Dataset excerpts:
• • • • •

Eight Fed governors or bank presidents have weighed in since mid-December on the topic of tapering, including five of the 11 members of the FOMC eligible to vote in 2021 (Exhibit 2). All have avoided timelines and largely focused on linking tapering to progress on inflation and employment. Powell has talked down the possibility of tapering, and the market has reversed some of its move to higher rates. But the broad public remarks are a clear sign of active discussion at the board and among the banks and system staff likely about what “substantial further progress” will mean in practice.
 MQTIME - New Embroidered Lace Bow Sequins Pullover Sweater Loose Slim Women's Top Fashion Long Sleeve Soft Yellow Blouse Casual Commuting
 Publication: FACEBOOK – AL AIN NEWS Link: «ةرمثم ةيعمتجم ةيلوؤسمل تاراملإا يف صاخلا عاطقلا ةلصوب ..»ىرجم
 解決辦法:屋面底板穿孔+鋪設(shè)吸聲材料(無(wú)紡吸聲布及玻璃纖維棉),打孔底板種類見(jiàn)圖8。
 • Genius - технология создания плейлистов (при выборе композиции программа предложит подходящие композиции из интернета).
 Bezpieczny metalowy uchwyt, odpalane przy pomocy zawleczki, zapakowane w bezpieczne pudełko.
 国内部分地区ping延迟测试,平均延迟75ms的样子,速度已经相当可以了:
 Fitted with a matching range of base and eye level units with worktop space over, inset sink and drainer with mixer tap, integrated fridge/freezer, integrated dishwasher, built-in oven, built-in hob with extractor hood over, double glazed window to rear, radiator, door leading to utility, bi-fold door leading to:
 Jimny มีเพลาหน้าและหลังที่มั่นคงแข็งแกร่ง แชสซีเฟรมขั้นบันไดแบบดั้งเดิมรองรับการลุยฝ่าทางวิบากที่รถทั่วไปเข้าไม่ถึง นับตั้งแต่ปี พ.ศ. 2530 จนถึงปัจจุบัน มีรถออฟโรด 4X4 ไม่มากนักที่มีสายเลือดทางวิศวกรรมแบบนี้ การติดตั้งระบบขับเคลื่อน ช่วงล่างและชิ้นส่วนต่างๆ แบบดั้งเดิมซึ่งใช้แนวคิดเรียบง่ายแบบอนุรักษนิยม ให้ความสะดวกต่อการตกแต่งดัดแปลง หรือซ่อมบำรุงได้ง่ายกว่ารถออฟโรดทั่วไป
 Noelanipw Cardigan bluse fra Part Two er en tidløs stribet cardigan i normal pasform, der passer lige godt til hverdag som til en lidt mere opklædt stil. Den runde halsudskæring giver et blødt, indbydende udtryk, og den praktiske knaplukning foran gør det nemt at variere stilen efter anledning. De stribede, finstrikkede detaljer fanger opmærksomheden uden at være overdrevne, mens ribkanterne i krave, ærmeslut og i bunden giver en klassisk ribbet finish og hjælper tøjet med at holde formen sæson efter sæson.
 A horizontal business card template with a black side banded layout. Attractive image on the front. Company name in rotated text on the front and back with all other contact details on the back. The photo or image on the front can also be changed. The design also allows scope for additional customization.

• • • • •

What this task involves. Type the data out again, exactly.

Answer to this exercise.
Eight Fed governors or bank presidents have weighed in since mid-December on the topic of tapering, including five of the 11 members of the FOMC eligible to vote in 2021 (Exhibit 2). All have avoided timelines and largely focused on linking tapering to progress on inflation and employment. Powell has talked down the possibility of tapering, and the market has reversed some of its move to higher rates. But the broad public remarks are a clear sign of active discussion at the board and among the banks and system staff likely about what “substantial further progress” will mean in practice.
 MQTIME - New Embroidered Lace Bow Sequins Pullover Sweater Loose Slim Women's Top Fashion Long Sleeve Soft Yellow Blouse Casual Commuting
 Publication: FACEBOOK – AL AIN NEWS Link: «ةرمثم ةيعمتجم ةيلوؤسمل تاراملإا يف صاخلا عاطقلا ةلصوب ..»ىرجم
 解決辦法:屋面底板穿孔+鋪設(shè)吸聲材料(無(wú)紡吸聲布及玻璃纖維棉),打孔底板種類見(jiàn)圖8。
 • Genius - технология создания плейлистов (при выборе композиции программа предложит подходящие композиции из интернета).
 Bezpieczny metalowy uchwyt, odpalane przy pomocy zawleczki, zapakowane w bezpieczne pudełko.
 国内部分地区ping延迟测试,平均延迟75ms的样子,速度已经相当可以了:
 Fitted with a matching range of base and eye level units with worktop space over, inset sink and drainer with mixer tap, integrated fridge/freezer, integrated dishwasher, built-in oven, built-in hob with extractor hood over, double glazed window to rear, radiator, door leading to utility, bi-fold door leading to:
 Jimny มีเพลาหน้าและหลังที่มั่นคงแข็งแกร่ง แชสซีเฟรมขั้นบันไดแบบดั้งเดิมรองรับการลุยฝ่าทางวิบากที่รถทั่วไปเข้าไม่ถึง นับตั้งแต่ปี พ.ศ. 2530 จนถึงปัจจุบัน มีรถออฟโรด 4X4 ไม่มากนักที่มีสายเลือดทางวิศวกรรมแบบนี้ การติดตั้งระบบขับเคลื่อน ช่วงล่างและชิ้นส่วนต่างๆ แบบดั้งเดิมซึ่งใช้แนวคิดเรียบง่ายแบบอนุรักษนิยม ให้ความสะดวกต่อการตกแต่งดัดแปลง หรือซ่อมบำรุงได้ง่ายกว่ารถออฟโรดทั่วไป
 Noelanipw Cardigan bluse fra Part Two er en tidløs stribet cardigan i normal pasform, der passer lige godt til hverdag som til en lidt mere opklædt stil. Den runde halsudskæring giver et blødt, indbydende udtryk, og den praktiske knaplukning foran gør det nemt at variere stilen efter anledning. De stribede, finstrikkede detaljer fanger opmærksomheden uden at være overdrevne, mens ribkanterne i krave, ærmeslut og i bunden giver en klassisk ribbet finish og hjælper tøjet med at holde formen sæson efter sæson.
 A horizontal business card template with a black side banded layout. Attractive image on the front. Company name in rotated text on the front and back with all other contact details on the back. The photo or image on the front can also be changed. The design also allows scope for additional customization.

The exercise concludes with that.